The Mansion got a new van because of Mr. Trump and the lives of many of the residents have been transformed.
They have received thousands of letters and photographs, Easter bags and chocolate, flowers and puzzles, yarn and a boom box, a new computer and several air conditioners for the summer heat. We have put paintings on bare walls, funded a dozen parties, sponsored an art contest and story-telling competition, paid for a stray cat the residents have come to love to be spayed. They have stacks of DVD’s, books, art supplies to work with.
We have taken several undocumented immigrants to lawyers and give them some reason for hope, and some valuable advise.
Lives have been brightened, altered, changed, all for the better, all for good. And without an argument or complaint.

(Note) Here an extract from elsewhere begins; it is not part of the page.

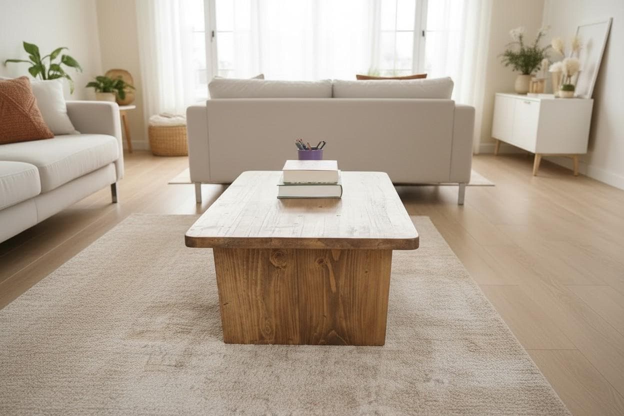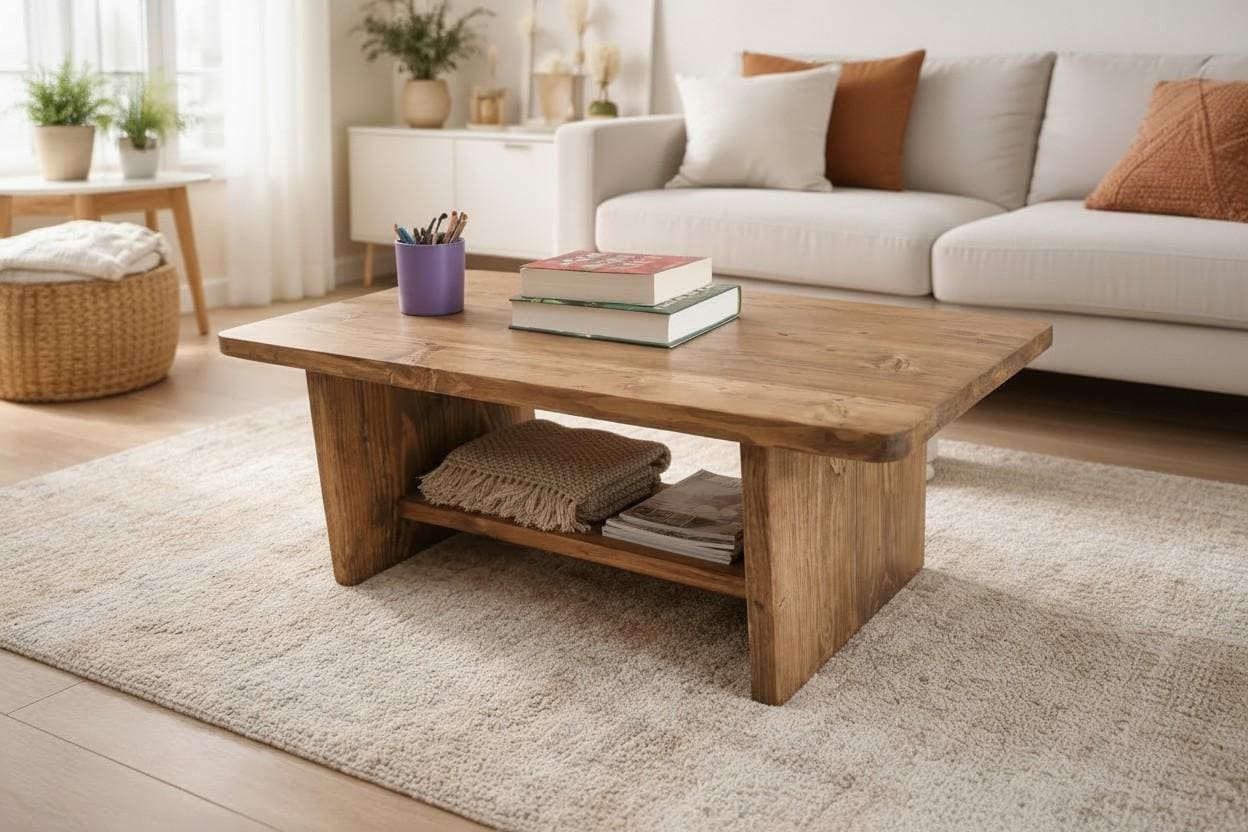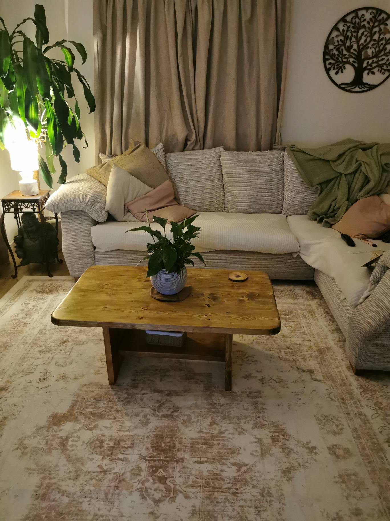 Bring warmth and character into your living space with this handmade solid wood coffee table.

I understand now that my friend thought me brave for daring to say that something about President Trump brought good things to me, and was a gift. I know many people are living in fear and distress, and it is not a gift for them.
But there is a difference between bravery and honesty. Bravery is running through machine gun fire to save a comrade. Honesty is just telling the truth about yourself. And I can only speak for me. I do not ever tell anyone else how to feel.
Life is a series of choices, we never get to stop making them, from our earliest days to our last. In our time, we all have a choice, whether to be angry and outraged or whether to do good and work on behalf of our own values. This does not require argument or the approval of others.
Just think if all of our reactions were to define good and do as much of it as we can, rather than spew venom and bile on Facebook and Twitter.
The election of Donald Trump has crystallized this for me, just as he has crystallized the choices of the many millions of people who supported him. This is what it means to be an individual, to live in a democracy, to be free. That is what I meant by a gift.